Profiler functions used to lock the mutex first and then update the entered_ TLS variable. That caused the following sequence leading to a deadlock: 1. In DoRecordAlloc it locks the mutex and then calls entered_.Set(true) 2. If this happens to be the very first access to TLS, it causes internal TLS vector to be allocated. 3. It then reenters DoRecordAlloc, the entered_.Get() is still false since #1 is not yet finished. 4. Thus it proceed to locking the mutex again. The fix is basically swapping the order of mutex locking and entered_.Set(true). BUG=842396 Change-Id: I926c05755321c082215ca84bfc312348c89ecdca Reviewed-on: https://chromium-review.googlesource.com/1056412 Commit-Queue: Alexei Filippov <alph@chromium.org> Reviewed-by: Dmitry Gozman <dgozman@chromium.org> Cr-Commit-Position: refs/heads/master@{#558122}
chromium · May 12, 2018 · 0bd4e5d · 0bd4e5d
1 parent 9ca6108
commit 0bd4e5d
Showing 1 changed file with 48 additions and 37 deletions.

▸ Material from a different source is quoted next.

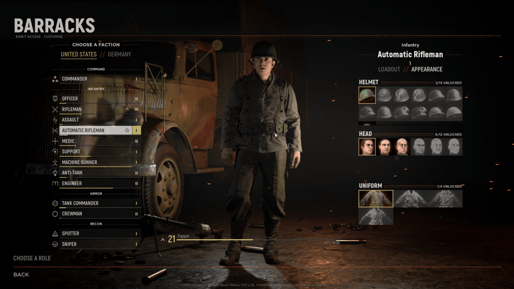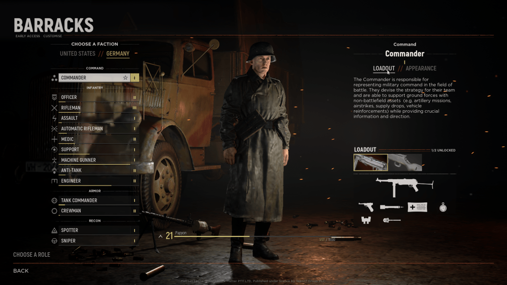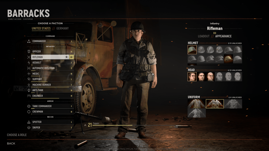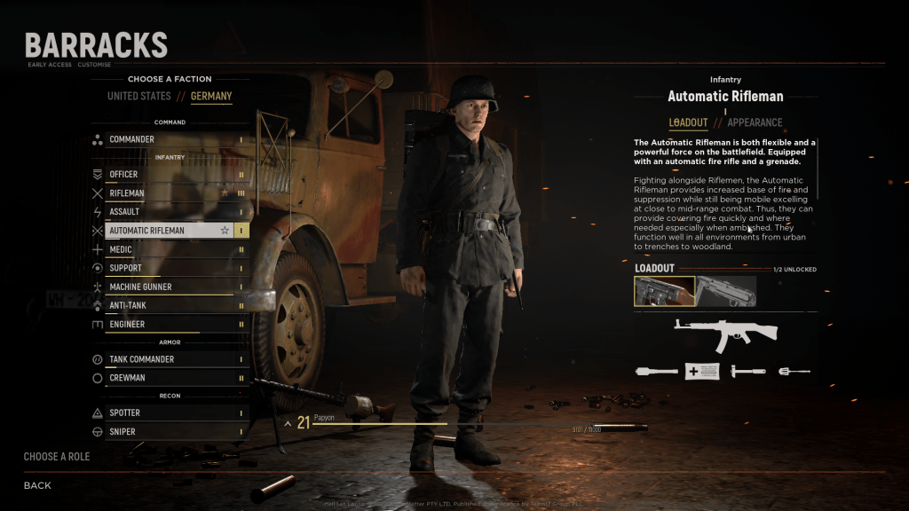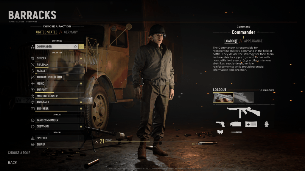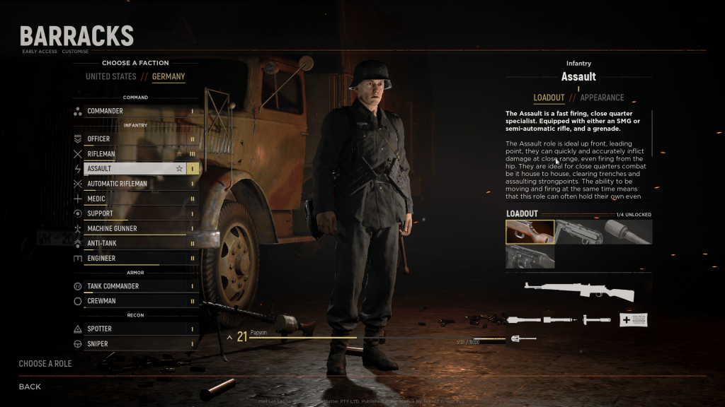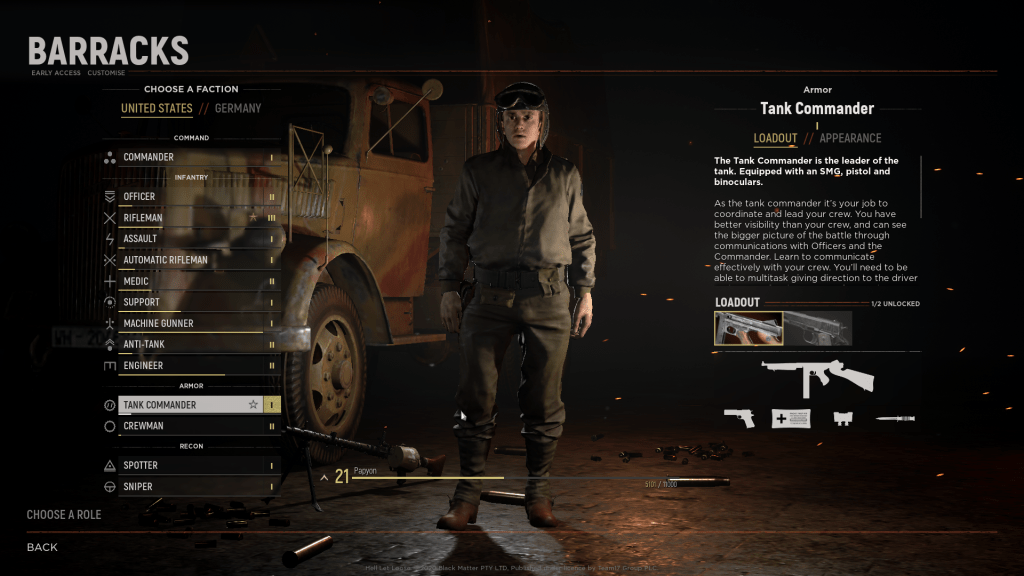 Şuanlık sadece iki ülkemiz var ABD ve Nazi Almanya’sı oyunun konsepti tahmin edebileceğiniz gibi 2.Dünya savaşı ve gerçekten gerçekliği iyi yansıtıyor ve sizi savaş ortamına sokarak o havaya girmenizi sağlıyor. Oyunumuz da sesli sohbet var ve bu sohbet şu şekilde üçe ayrılıyor . Yalnızca takım liderleri ve komutanın konuşabildiği bir kanal takım üyelerinin konuşabildiği bir kanal ve yakınınızda bulunan ülkenizdeki oyuncular ile konuşabildiğiniz bir kanal. Oyunda her ülkenin kendine has silahları ve araçları mevcut.Çeşitli haritalar var lakin bir müddet sonra aynı haritalar ve ülkeler oyuncuyu sıkıyor bunu anlayan yayıncılardan da bir haber geldi oyuna Sovyetler Birliği’ni eklemek için çalışmalar yaptıklarını söylediler benim görüşüm zamanla ülke ve silah sayısının artacağı yönünde dediğim gibi hala betada oyun. Oyunun kötü yanlarına gelecek olursak seviye atlamak ve karakterimizi geliştirmek aşırı zor çünkü bir maç yaklaşık bir saat sürüyor, evet bir saat ve ayrıca maç bitmeden sunucudan ayrılırsanız kazandığınız xp size gelmiyor bu benim için bir eksi çünkü bir saat gibi uzun bir süre benim için çok fazla. Şimdi dilerseniz karakterler ekipmanları ve araçların fotoğraflarına bakalım

diff --git a/base/sampling_heap_profiler/sampling_heap_profiler.cc b/base/sampling_heap_profiler/sampling_heap_profiler.cc
@@ -329,36 +329,39 @@ void SamplingHeapProfiler::DoRecordAlloc(size_t total_allocated,
                                          uint32_t skip_frames) {
   if (entered_.Get())
     return;
-  base::AutoLock lock(mutex_);
   entered_.Set(true);
-
-  Sample sample(size, total_allocated, ++g_last_sample_ordinal);
-  RecordStackTrace(&sample, skip_frames);
-
-  // Close the fast-path as inserting an element into samples_ may cause
-  // rehashing that invalidates iterators affecting all the concurrent
-  // readers.
-  base::subtle::Release_Store(&g_fast_path_is_closed, 1);
-  while (base::subtle::Acquire_Load(&g_operations_in_flight)) {
-    while (base::subtle::NoBarrier_Load(&g_operations_in_flight)) {
+  {
+    base::AutoLock lock(mutex_);
+
+    Sample sample(size, total_allocated, ++g_last_sample_ordinal);
+    RecordStackTrace(&sample, skip_frames);
+
+    // Close the fast-path as inserting an element into samples_ may cause
+    // rehashing that invalidates iterators affecting all the concurrent
+    // readers.
+    base::subtle::Release_Store(&g_fast_path_is_closed, 1);
+    while (base::subtle::Acquire_Load(&g_operations_in_flight)) {
+      while (base::subtle::NoBarrier_Load(&g_operations_in_flight)) {
+      }
     }
+    for (auto* observer : observers_)
+      observer->SampleAdded(sample.ordinal, size, total_allocated);
+    // TODO(alph): We can do better by keeping the fast-path open when
+    // we know insert won't cause rehashing.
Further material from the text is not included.